Sabtu, 13 Agustus 2011

Gadis Islandia itu Temukan Islam di Amerika

Kisah perjalanan menuju Islam gadis asal Islandia ini cukup menarik. Betapa tidak, seperti pengakuannya, di negaranya Islam hampir tak ada gema, saking minoritasnya. Dia sedikit tahu Islam justru ketika melakukan kontak dengan temannya, juga dari Islandia, yang sedang ikut pertukaran pelajar di Indonesia. Lalu, satu ketika, dia dapat beasiswa untuk belajar di AS. Dalam rombongannya ada seorang mahasiswa asal Mesir. Dari pemuda Mesir inilah dia mulai tahu Islam lebih jauh. Alhasil, di Amerika dia lebih banyak mencari tahu Islam hingga akhirnya bersyahadah melalui fasilitas chating di internet. Aminah, begitu namanya selepas memeluk Islam, menceritakan kisah uniknya.
00O00
“Nama saya Aminah dan memeluk Islam pada 31 Januari 1999 di usia 23 tahun. ?Saya sendiri lahir di Islandia pada tahun 1976. Keluarga besar saya semuanya anggota jamaah gereja Protestan. Saya sendiri termasuk di dalamnya dan aktif di sekolah minggu. Begitupun, kendati agama senantiasa hadir dalam keseharian namun hal itu tak banyak berperan banyak dalam perjalanan hidup saya,” tutur Aminah di awal kisahnya.
Lingkungan gereja
Sejak kecil memang dia sudah hidup dalam lingkungan agamis. Misalnya, di sekolah tempat Aminah belajar, rutin diadakan program kemah musim panas yang dikoordinir oleh sebuah organisasi berafiliasi agama Kristen.

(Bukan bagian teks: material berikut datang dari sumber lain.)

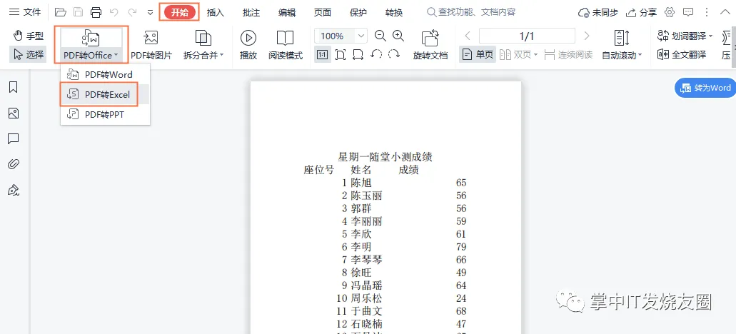 用WPS打开PDF文档,在【开始】下面点击【PDF转office】,然后选择【PDF转Excel】,点击【开始转换】即可。
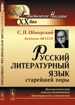 | Полное название книги | С. П. Обнорский Русский литературный язык старейшей поры: Лингвистический анализ памятников древнерусской словесности |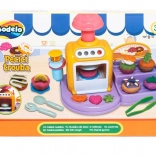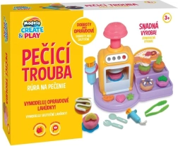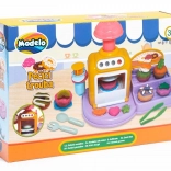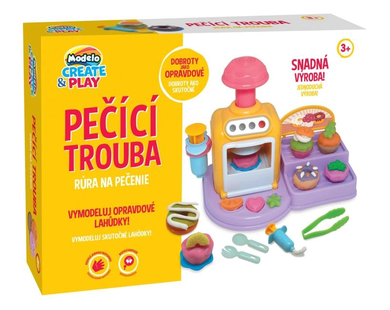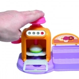 Öffnende Ofentür, Knöpfe und Hebel machen das Backen zu einem spaßigen Ritual. Lege das Törtchen hinein, drücke und beobachte, wie daraus eine fertige Knet-Leckerei wird.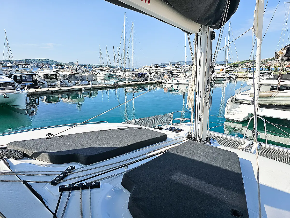 | Outside | Anker mit Kette, Biminitop, Cockpitdusche, Cockpitkühlschrank, elektr. Ankerwinsch, elektr. Winsch, Gangway |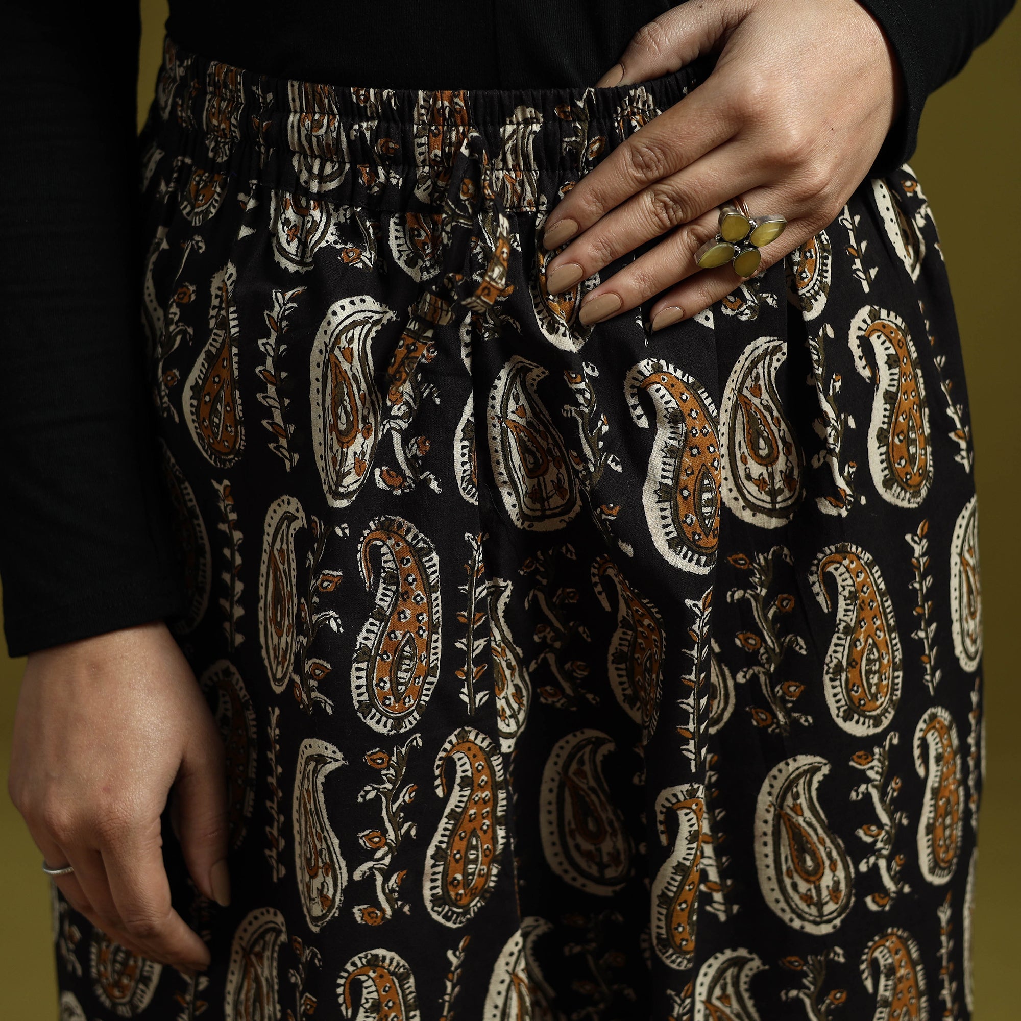 Add a touch of traditional charm to your wardrobe with this black bagru print women’s harem pant from Rajasthan, Bagru printing is known for its hand block designs and rich earthy tones created using natural dyes. The cotton fabric, elasticated waist with drawstring, and side pocket ensure all-day comfort and practicality. Pair it with tops or short kurtas for a relaxed yet elegant look.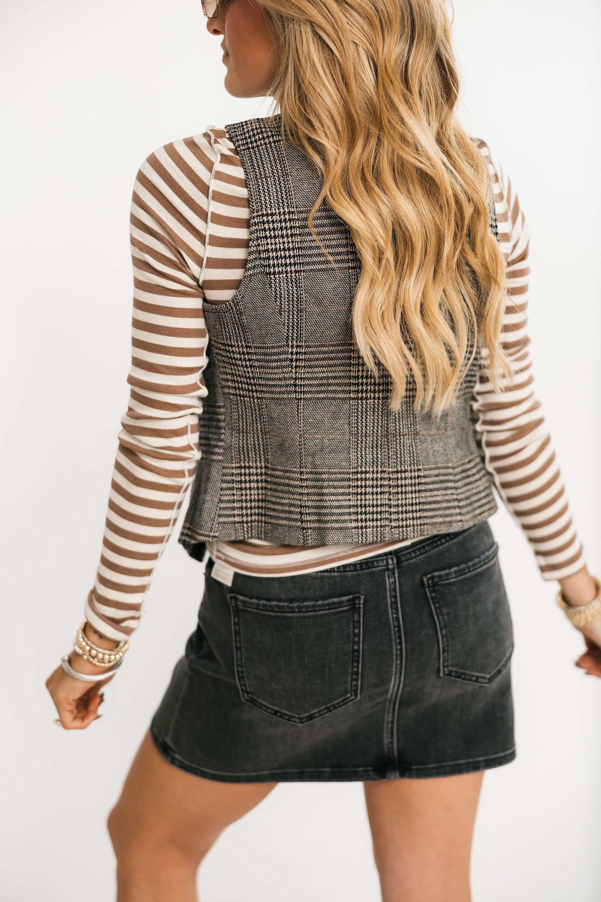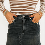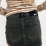 The Malibu Mini in Spade is an easy little denim mini in a vintage-inspired, faded black wash. Constructed from our rigid 100% cotton for a true denim feel.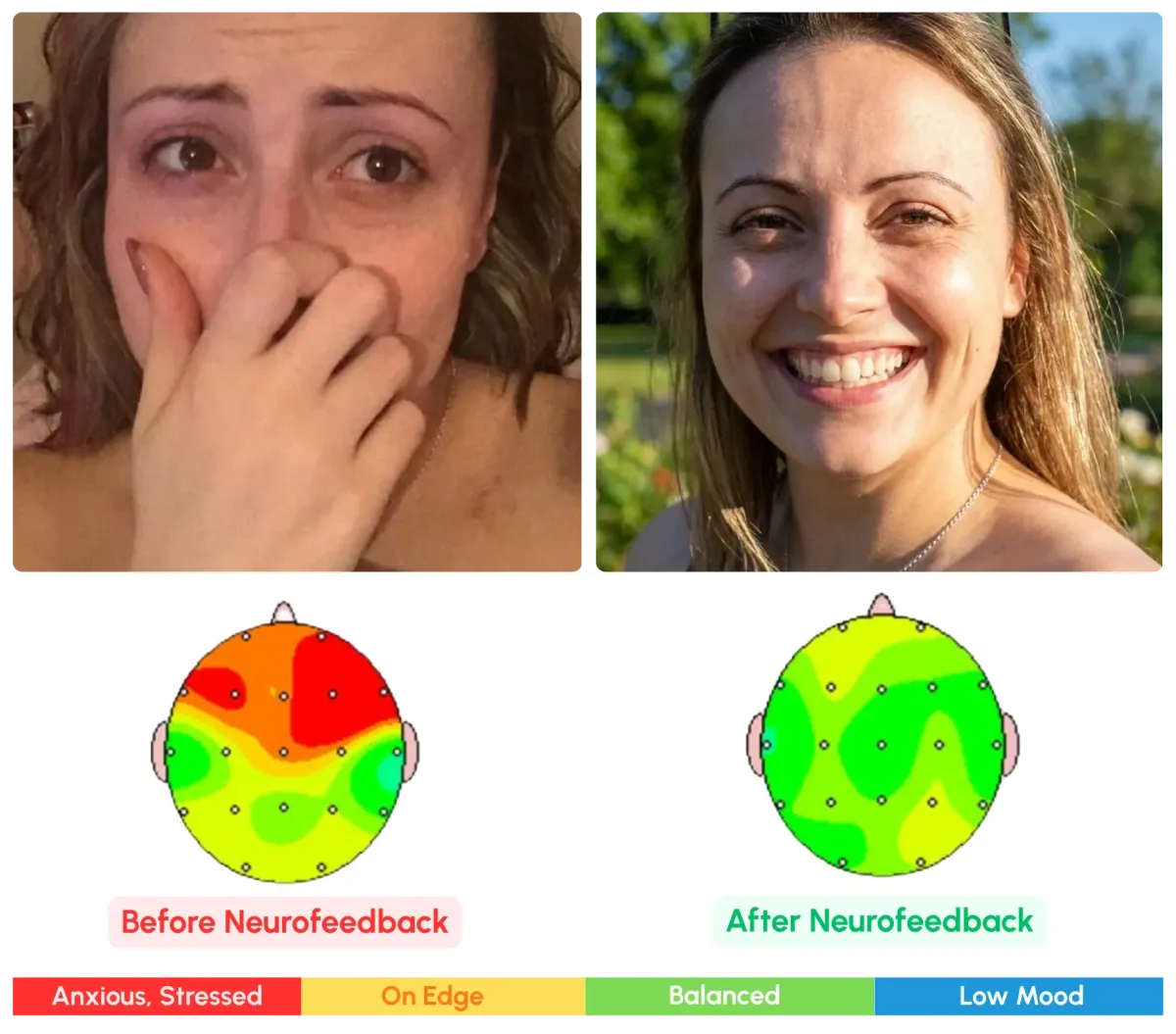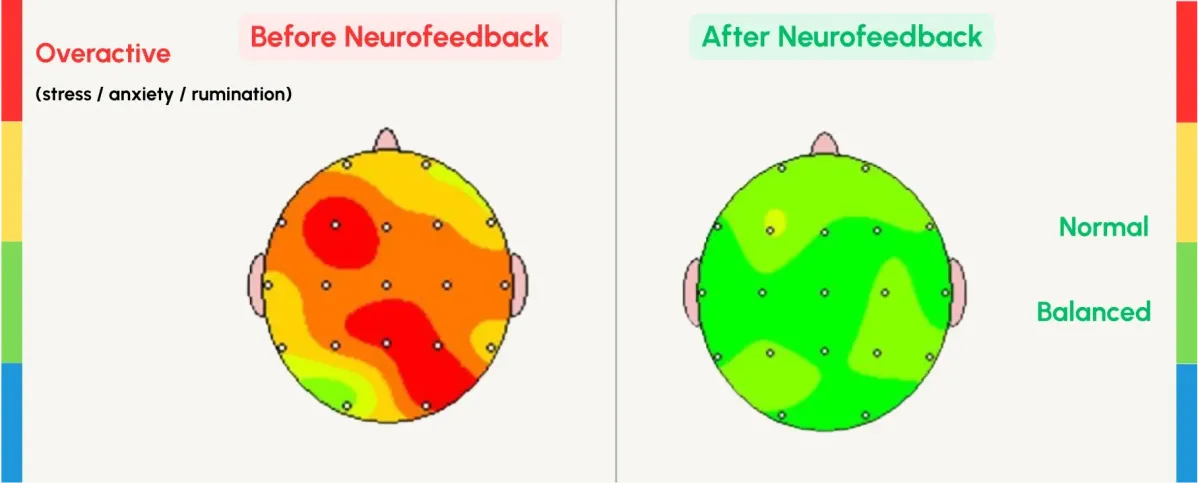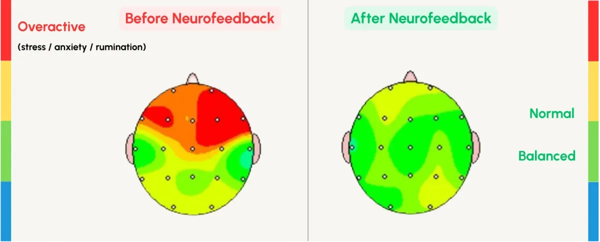 Neurofeedback is a science-backed way to train your brain how to calm itself. Your brain is always sending signals, and sometimes those signals get stuck in stress mode. This can lead to symptons like anxiety, brain-fog, overthinking, or constant feeling on edge.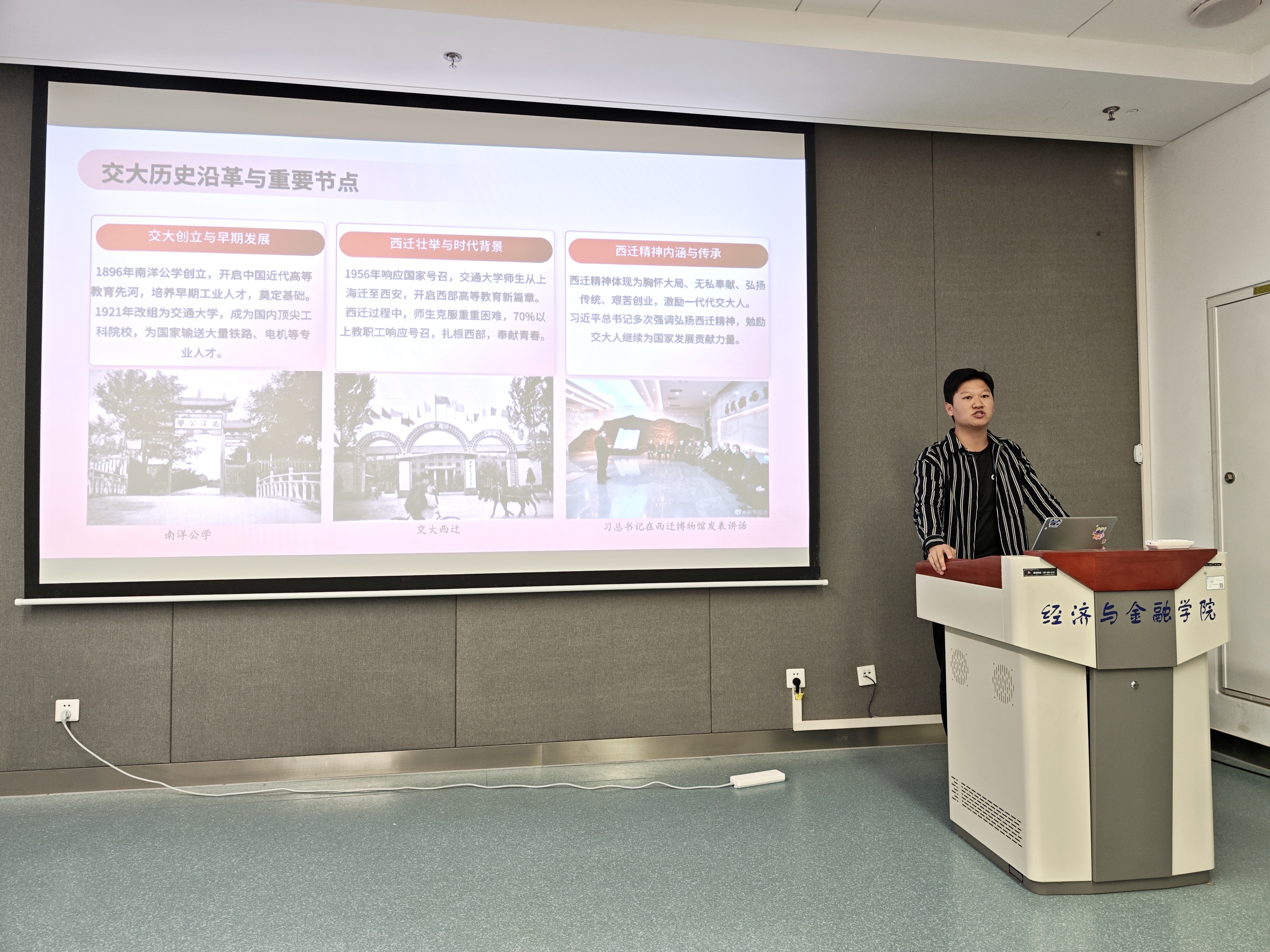王嘉乐同学以《走进交大历史,传承西迁精神》为题,通过历史纵轴上的三组精神坐标,从溯源、西迁到致远,勾勒出交大人跨越时空的使命图谱。一张张珍贵的历史影像重现交大西迁的壮阔征程,三组掷地有声的话语——没有因迁校“晚开”一天学、没有因搬迁“少开”一节课、没有因安装“迟开”一门实验,以最朴素的叙事、最铿锵的实践,诠释了这所高等学府“为党育人、为国育才”的钢铁信念。镜头里的每一帧画面,都在诉说着:纵使山河远阔、筚路蓝缕,交大人立下的教育报国誓言,从未因时空变迁褪色分毫。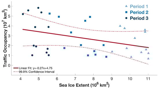 Changes in the Arctic Traffic Occupancy and Their Connection to Sea Ice Conditions from 2015 to 2020

Lalu, nenek Aminah juga sering menemani sebelum tidur. Bahkan sang nenek juga mengajarkan doa tertentu di kala hendak tidur.? Namun, seperti diakui Aminah, keluarganya tidaklah begitu sering ke gereja dan agama juga tidak tampak berpengaruh dalam kehidupan sehari-hari keluarga mereka.
“Oya di Islandia ada tradisi gereja bagi remaja yang beranjak dewasa, yakni di usia 14 tahun mereka ?musti dibaptis. Nah ketika itu saya dihadapkan pada satu kondisi, apa saya juga musti dibaptis atau tidak? ?Apa saya sudah cukup dewasa dan sudah pantas dibaptis? Waktu itu, saya sangat yakin adanya tuhan. Bahkan boleh dibilang tingkat keyakinan saya ini melebihi orang-orang lain. Jadi sudah pantas untuk dibaptis. Saya merasa, jika tidak melakukan itu maka sama saja tidak percaya adanya tuhan. Buat saya yang aktif ke gereja tentu hal ini sangat tragis,” tutur Aminah yang akhirnya memilih dibaptis oleh gereja.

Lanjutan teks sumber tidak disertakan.